# how many lights?



## sandman (Jul 15, 2006)

Hi there!
I have a space I'm going to start a grow in.The measurments are 7ft.deep,6ft.wide,6ft. tall.
I already have a dayton fan for intake and a bathroom fan for exaust.What size of lights will I need?How many?
The room was used before by relatives,but now it's just storage.The wiring is already in as well. Any help would be great!Thanks!
P.S.Is a bathroom fan for exhaust too small?


----------



## astra007 (Jul 15, 2006)

well, its said that ya need 3 sq ft per plant unless you are planning s.o.g. so you got 42 sq ft = 14 plants.  you can plan 50 to 80 watts per light so at a minimum of 80w x 14 = 1120w  or a 1000w HPS and a 400w HPS or 2 - 600w HPS.  With 50 its only 1 - 1000w HPS or MH. The difference in wattage will reflect the time to grow out yer plants completely.  you can pack in more sativas as they dont bush out like indicas and go 2 sq ft per.  thus getting 21 plants = i would go with 1 HPS and 1 MH 1000w mounted 3' from plant tops.  any1 else?


----------



## Stoney Bud (Jul 15, 2006)

sandman said:
			
		

> Hi there!
> I have a space I'm going to start a grow in.The measurments are 7ft.deep,6ft.wide,6ft. tall.
> I already have a dayton fan for intake and a bathroom fan for exaust.What size of lights will I need?How many?
> The room was used before by relatives,but now it's just storage.The wiring is already in as well. Any help would be great!Thanks!
> P.S.Is a bathroom fan for exhaust too small?


 
Hey Sandman, nice sized room to grow in man! You'll see lots of numbers for lighting lumens per/sq ft, but they will all be between 3,000 and 6,000. Pot will grow ok under 3,000 and even as low as 2,000, but not as well as 6,000. How much light you need depends on the strain you're growing, the reflectors you use, the distance from the surface of your plants, the general health of your plants, the type of nutrients you use and more.
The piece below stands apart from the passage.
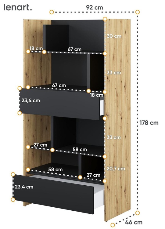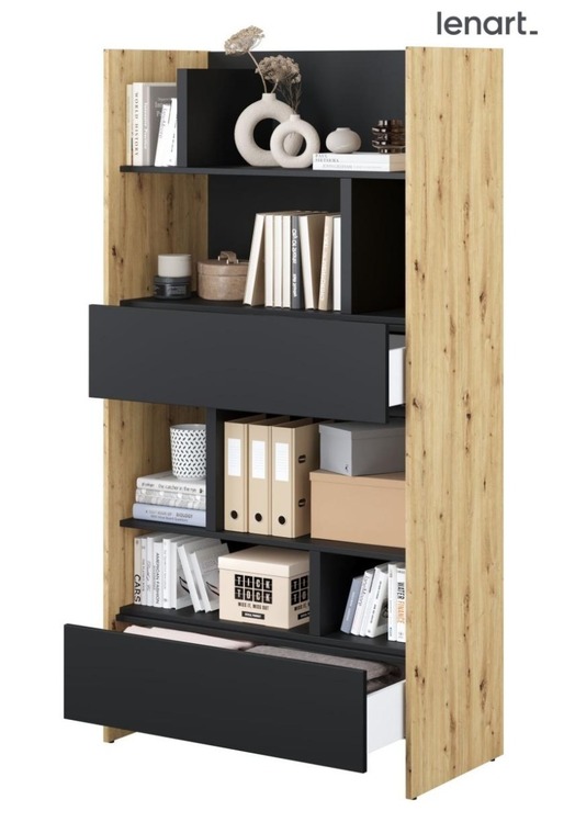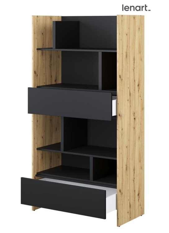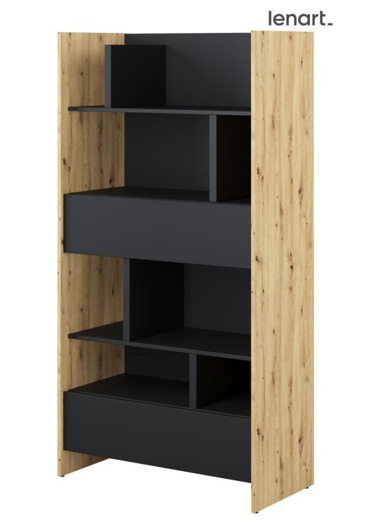 Regál se dvěma zásuvkami dub artisan/černá. Rozměry viz obrázek. Nábytek je vyroben z kvalitního lamina s ABS hranou. Lamino je odolné proti poškrábání, poškození, vlhkosti a vysokým teplotám. Dodáváme v demontovaném stavu.CASA 73026
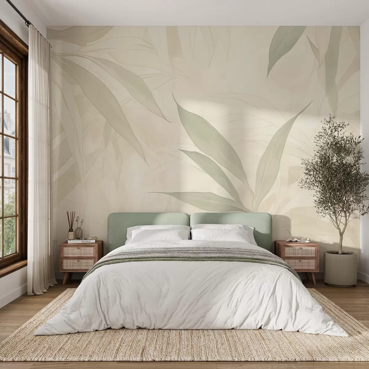 Fotomurales Ramas con hojas en suaves tonos verdes sobre fondo beige Nr. w09027

I calculate for 5,000 lumens per/sq ft, and I use 430 watt HPS Hortilux bulbs at 18 inches. For my hydro grows, that works really well.

You have 42 sq ft of area in your 6 x 7 room.
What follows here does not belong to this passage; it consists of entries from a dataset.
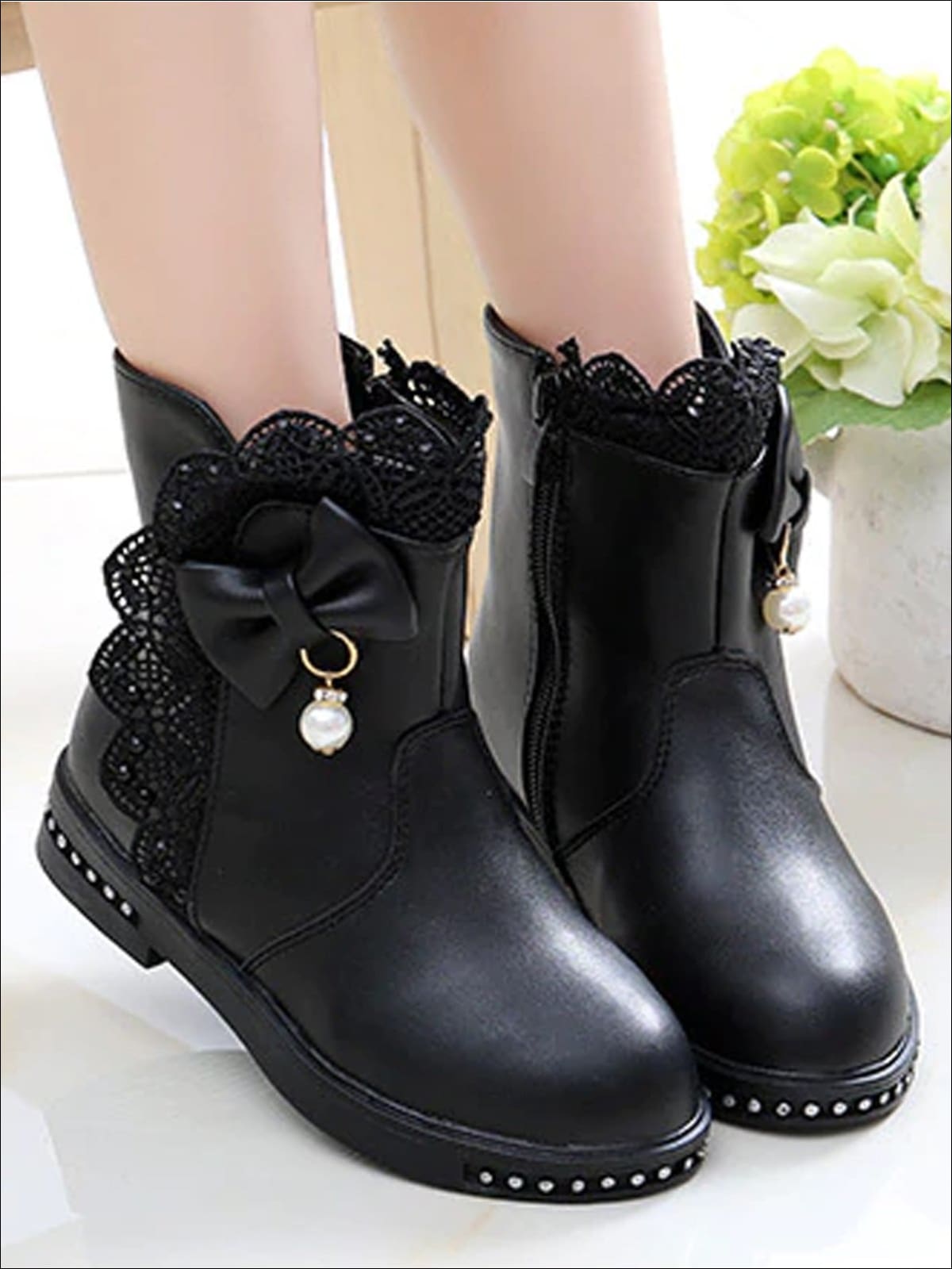 Girls Lace Trimmed Crystal Embellished Bow Tie Ankle Boots
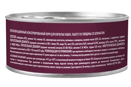 AWARD Adult Корм влаж.паштет из говядины со шпинатом д/кошек конс.100г доставка
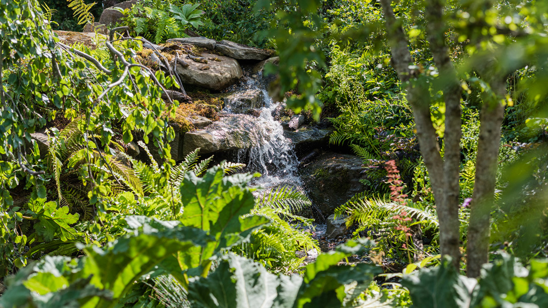 The design is inspired by the original RHS Chelsea garden with many of the key features such as the waterfall, dens and hollow log returning, alongside new elements including a wildflower meadow, rolling hill and summer planting.
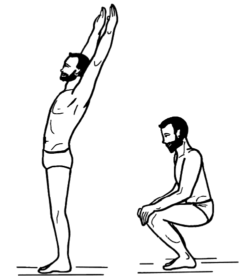 2. При вдохе руки поднять вверх, прогнуться, при выдохе присесть, положив кисти рук на колени.

Lets calculate for 5,000 lumens per/sq ft

5,000 x 42 = 210,000 lumen output is what you're looking for as a total.

A 430 watt Hotilux produces 58,500 lumens.

210,000 divided by 58,500 = 3.6 bulbs you would need to produce 5K Lumens per/ft, or say 4 lights.
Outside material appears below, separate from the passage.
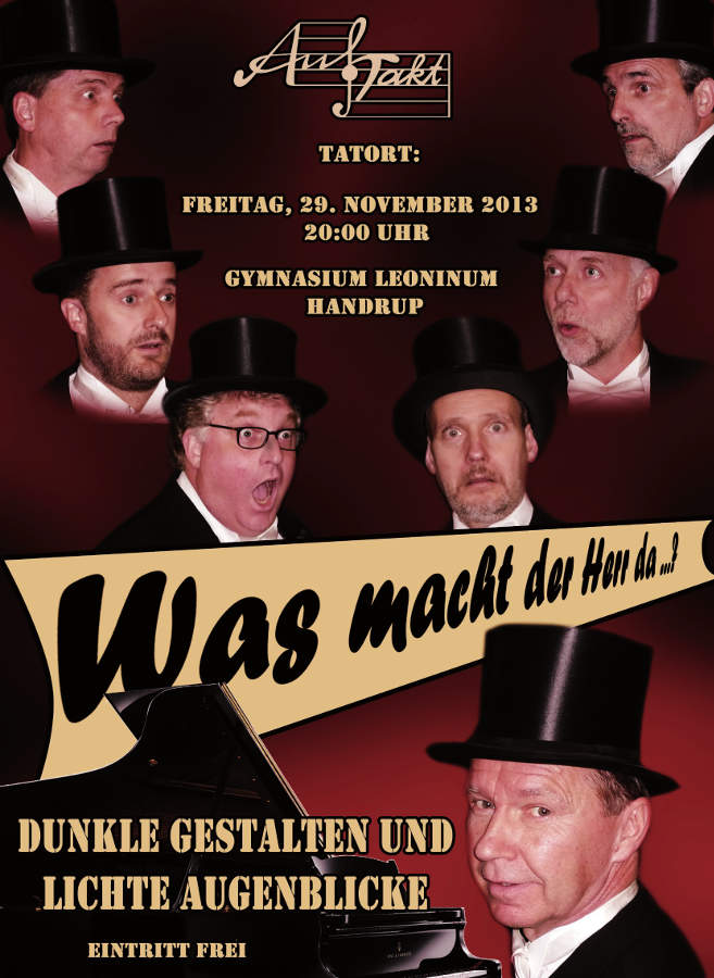 Die Handruper Gruppe „AufTakt“ lädt wieder zu einer musikalisch-literarischen Spurensuche ein, diesmal im wahrsten Sinne, nämlich zu einer kriminalistisch gefärbten. Unter dem Titel „Was macht der Herr da? Dunkle Gestalten und lichte Augenblicke“ wagen sich die Herren in Frack und Zylinder in die Welt der Gauner und Ganoven. Neben dem obligatorischen „Kriminaltango“ und anderen üblichen Verdächtigen geben sie sachdienliche Hinweise zum Unter- und Abgründigen, das sie mit detektivischem Spürsinn auch im scheinbar Harmlosen dingfest machen. Tatort ist das Gymnasium Leoninum Handrup am Freitag, dem 29. November 2013, um 20:00 Uhr in der Aula. Der Eintritt ist frei.

This works very well actually. You can use four 430 watt bulbs and get great coverage in your room. The positioning of your bulbs should be so that at 18 inches from the tops of the plants, the light reaches just to the edge of your crop and a little on the wall. This should make all of them overlap some in your room. That's perfect. Position and hang your lights before putting anything else in the room. It'll be way easier to see and move. I would also suggest using the "bat-wing" reflectors. They have a great throw and would work very well in your room. 

Paint the walls with the brightest flat white paint you can find. Ask a paint store guy for the brightest flat white, he'll know his stock. I use "Behr" Premium Plus Ultra Pure White #1050.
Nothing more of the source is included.